L'approche Positive Deviance/Hearth (PD/Hearth) est un exemple de meilleure prise en charge de la malnutrition aiguë modérée au Nigéria. Cette approche identifie les pratiques inhabituelles et bénéfiques des mères ou des personnes s'occupant d'enfants bien nourris issus de familles démunies et appelle à la diffusion de ces pratiques et comportements auprès d'autres membres de la communauté ayant des enfants souffrant de malnutrition. PD/Hearth a été mis à l'essai à Nasarawa, un État de la région du centre-nord du Nigeria, où les taux d'enfants passant d'une malnutrition modérée à une malnutrition sévère ont chuté de 11,1 % en juin 2007 à 2,4 % en août 2007. Une fois de plus, ce modèle ne fournit aucun apport, mais se concentre plutôt sur l'utilisation des sessions de Hearth pour découvrir les pratiques qui ont conduit à la réussite au sein de ces communautés appauvries.

Un autre exemple est le programme Nutrition Impact and Positive Practice (NIPP), une extension de l'approche PD/Hearth, qui, en plus de diffuser les pratiques bénéfiques existantes au sein des communautés, comprend également des démonstrations de micro-jardinage et de cuisine participative. Seuls les aliments disponibles et accessibles localement sont utilisés et les recettes sont conçues et encouragées pour être reproduites à la maison. En outre, des paquets de semences de départ uniques sont fournis avec uniquement des semences autorégénératrices, afin de tenter de remédier aux principales carences en micronutriments. Le NIPP est actuellement mis en œuvre au Niger, au Soudan, au Sud-Soudan, au Zimbabwe et au Malawi[xii]. Entre 2013 et 2015, 80 % des enfants âgés de 6 à 59 mois admis au NIPP et souffrant de MAM sont sortis de l'hôpital et ont été guéris à la fin de l'intervention de trois mois[xiii].

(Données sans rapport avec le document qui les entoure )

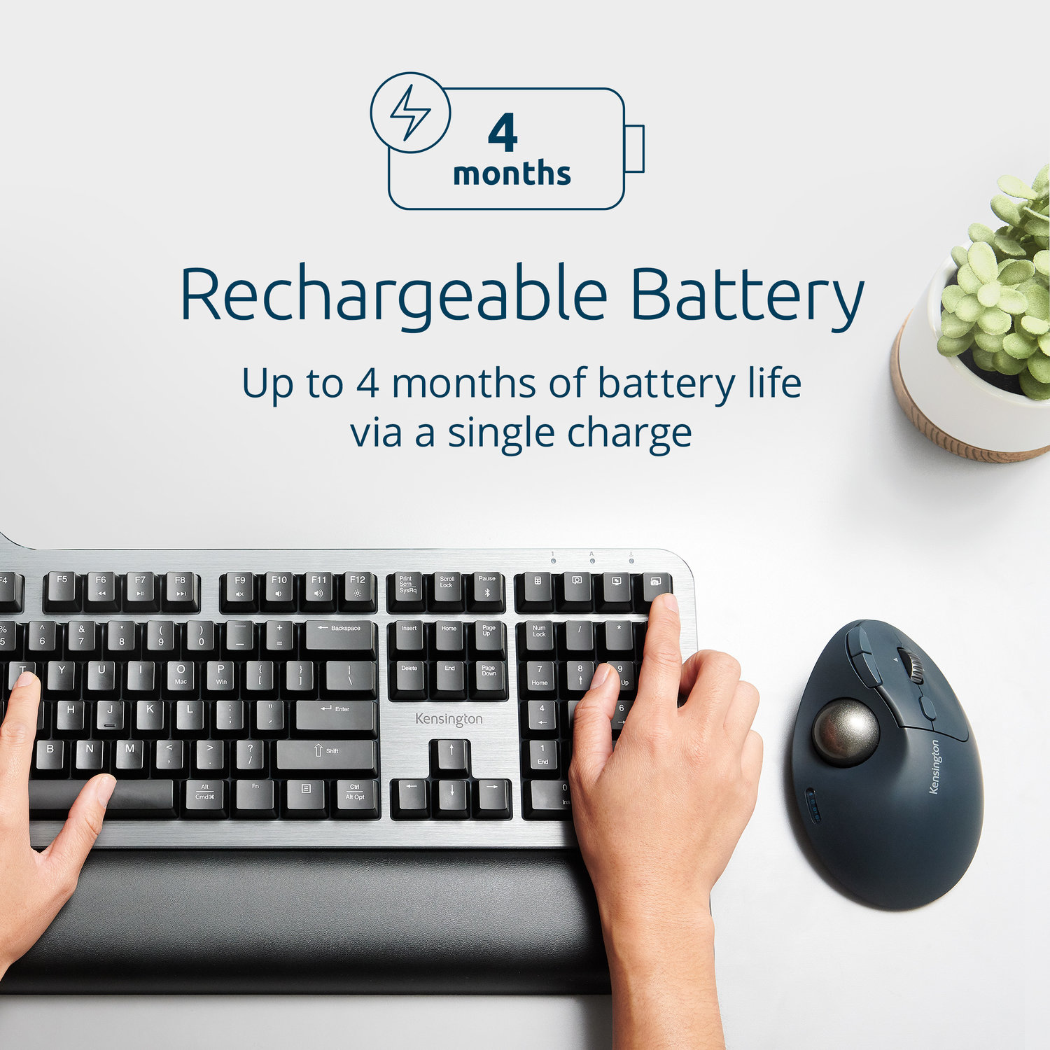 TB550トラックボールは充電可能なリチウムイオン電池搭載。1回の充電で最大およそ4カ月使用することができます。

En outre, des pays comme le Pérou et le Brésil ont utilisé des approches multisectorielles pour lutter contre la malnutrition. Au Brésil en particulier, l'accent n'a pas été mis sur une nutrition spécifique[5] mais plutôt sur l'articulation de programmes sensibles à la nutrition[6] pour réduire la pauvreté, l'inégalité et l'insécurité alimentaire, par le biais de transferts monétaires conditionnels[7], de programmes d'alimentation scolaire et de programmes d'acquisition de nourriture qui soutiennent les agriculteurs locaux - ce qui a permis de réduire la prévalence de la malnutrition[8] de 13,5 à 7,1 sur une période de 10 ans.

Conclusion

L'approche du Nigeria en matière de lutte contre la malnutrition se concentre de manière disproportionnée sur les MAS et doit être restructurée..

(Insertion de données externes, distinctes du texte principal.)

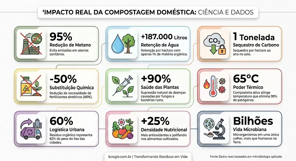 Cerca de 50% do lixo doméstico brasileiro é orgânico. Ao compostar, você reduz drasticamente as emissões de metano nos aterros sanitários e transforma o seu CEP em um ponto de regeneração ambiental. No boogie.com.br, tratamos cada resíduo não como um problema de descarte, mas como um ativo biológico de alto valor para o futuro das cidades.

L'accent doit être mis sur les programmes de traitement et de prévention de la MAM qui sont adaptés au contexte, acceptables au niveau local et gérés par la communauté. Les programmes de jardinage déjà existants devraient être intensifiés en y ajoutant une composante de mobilisation communautaire, avec des plans à long terme visant à introduire les approches PD/Hearth et NIPP qui utiliseront également les structures et les ressources communautaires. L'accent mis sur les structures et les ressources communautaires est important pour la durabilité, car la prévalence actuelle de la MAM est environ trois fois supérieure à celle de la MAS, ce qui rendrait la dépendance à l'égard des ressources externes ou des gouvernements pour les traitements coûteuse et, par conséquent, non durable.


NOTES DE BAS DE PAGE

[La malnutrition comprend la sous-nutrition et la sur-nutrition, qui entraînent toutes deux de mauvaises conditions de santé et des décès prématurés dans les pays en développement et les pays développés du monde entier. La malnutrition est souvent utilisée pour désigner la sous-nutrition, qui englobe la malnutrition chronique (retard de croissance), la malnutrition aiguë (émaciation) et les carences en micronutriments.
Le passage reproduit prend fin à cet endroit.